The Global Market Tracker is a real-time financial analytics platform that fetches daily closing prices for major global equity indices, computes logarithmic returns, handles gaps in the data, and provides a Monte Carlo simulation-based Value at Risk (VaR) engine — all served through a serverless Cloudflare Worker architecture.

Yahoo Finance
Price data
Cloudflare Worker
Edge compute
KV Store
Cache layer
Dashboard
Prices & Returns
VaR Engine
Monte Carlo

The platform is designed around three analytical modules: Market Trends (visualise prices and returns across any timeframe), Risk / VaR (quantify tail risk for a custom portfolio exposure), and a Data Export facility that lets researchers download raw CSVs directly.

Live Architecture

All data is served from a Cloudflare Worker endpoint at workers.dev. The Worker fetches from Yahoo Finance on a scheduled cron and caches results in Cloudflare KV — meaning the dashboard always loads in milliseconds with no cold-start penalty.

§ 02 — Data Collection

Fetching from Yahoo Finance

How raw market data is acquired, normalised, and stored.

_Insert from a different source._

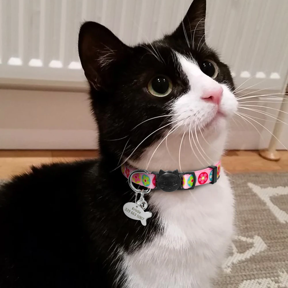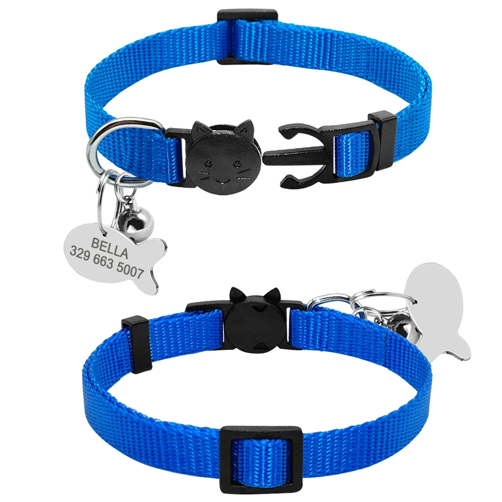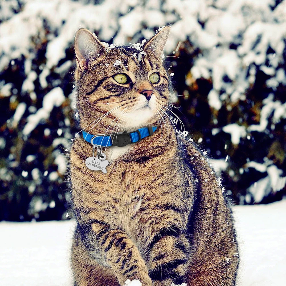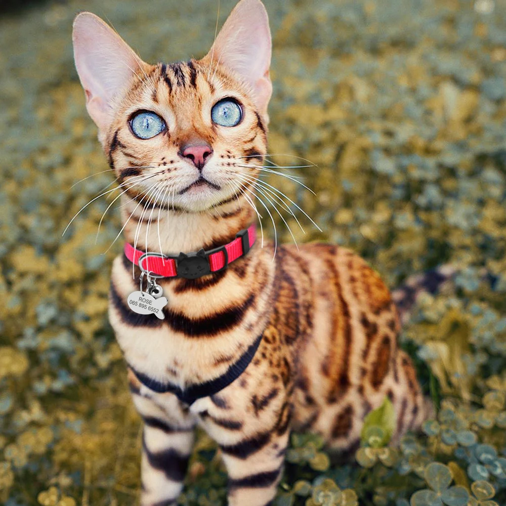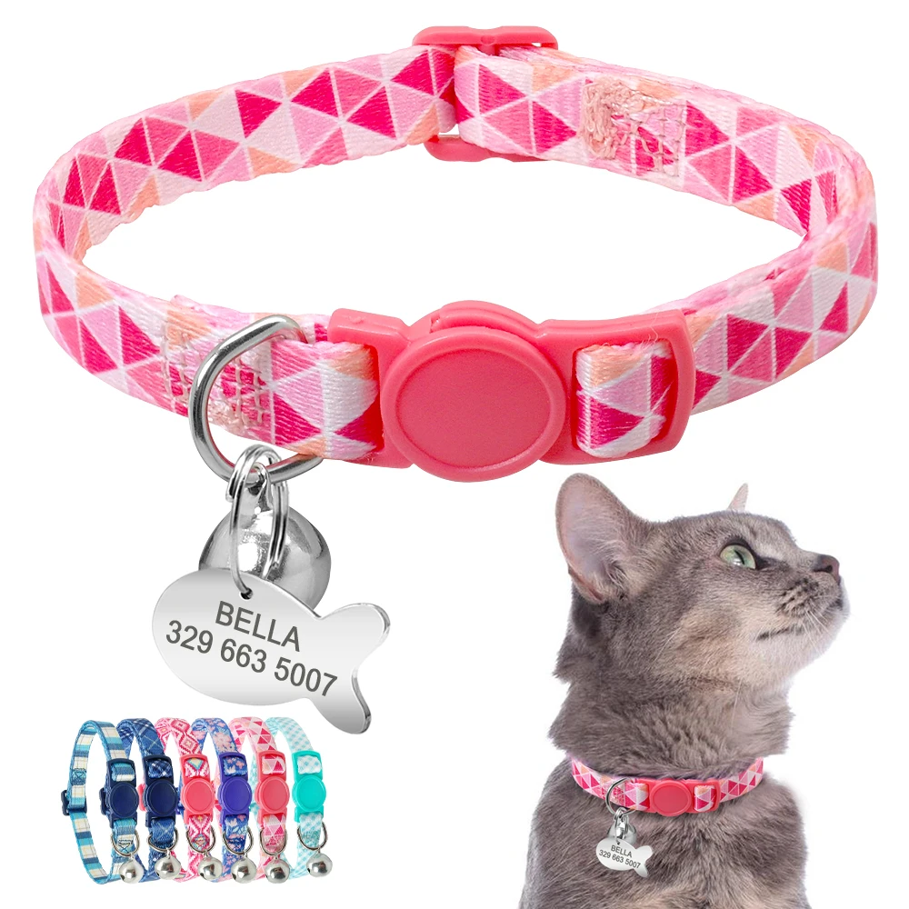 Collar de nailon ajustable para gatos grabados, bonita etiqueta de identificación personalizada, accesorios para cachorros, collares para perros pequeños, gatos, suministros para mascotas

Yahoo Finance is used as the primary data provider due to its comprehensive coverage of global equity indices, zero-cost API access, and daily-updated closing prices. Data is fetched programmatically using the yfinance library inside a Cloudflare Worker's scheduled handler.

01
Ticker Resolution
Each market is identified by its Yahoo Finance ticker symbol — for example ^NSEI for the NIFTY 50, ^GSPC for the S&P 500, ^DJI for the Dow Jones, and so on. The worker maintains a curated dictionary mapping human-readable market names to their respective tickers.
02
Scheduled Cron Trigger
Cloudflare Cron Triggers run the data pipeline automatically at a configured interval (typically once per day after market close). This ensures the KV store always contains the most recent available data without requiring any manual intervention.
03
Historical Download via yfinance
The Worker requests historical daily closing prices (the Adj Close column) for all tracked tickers over the full available history. Yahoo Finance returns data in chronological order indexed by trading date.
04
Date Alignment & Pivoting
Since different markets trade on different holiday calendars, the raw data is pivoted into a unified date-indexed table. Every row represents a single calendar date; every column represents one index. Dates where a market was closed naturally produce a null/missing value — these are handled in the returns calculation step described in §04.
05
KV Storage & API Exposure
The processed price array (as JSON) is stored in Cloudflare KV under two keys: one for raw prices and one for pre-computed returns. The Worker exposes these via two REST endpoints — /api/prices and /api/returns — which the dashboard fetches on load.
Endpoint Response Shape Purpose
/api/prices Array of {Date, Market₁, Market₂, …} Daily closing price for each tracked index
/api/returns Array of {Date, Market₁, Market₂, …} Pre-computed log-returns (%) with forward-fill applied
/api/admin/refresh {status, message} Force pipeline run (admin-authenticated POST)
Data Freshness Indicator

The dashboard calculates the difference between today's date and the last available record date. If data is 0–4 days old it shows a green "live" badge; anything older triggers an amber "stale" warning, alerting the user that the cron job may have missed a run.

§ 03 — Return Computation

Logarithmic (Dlog) Returns

Why log-returns and how they are computed in percentage terms.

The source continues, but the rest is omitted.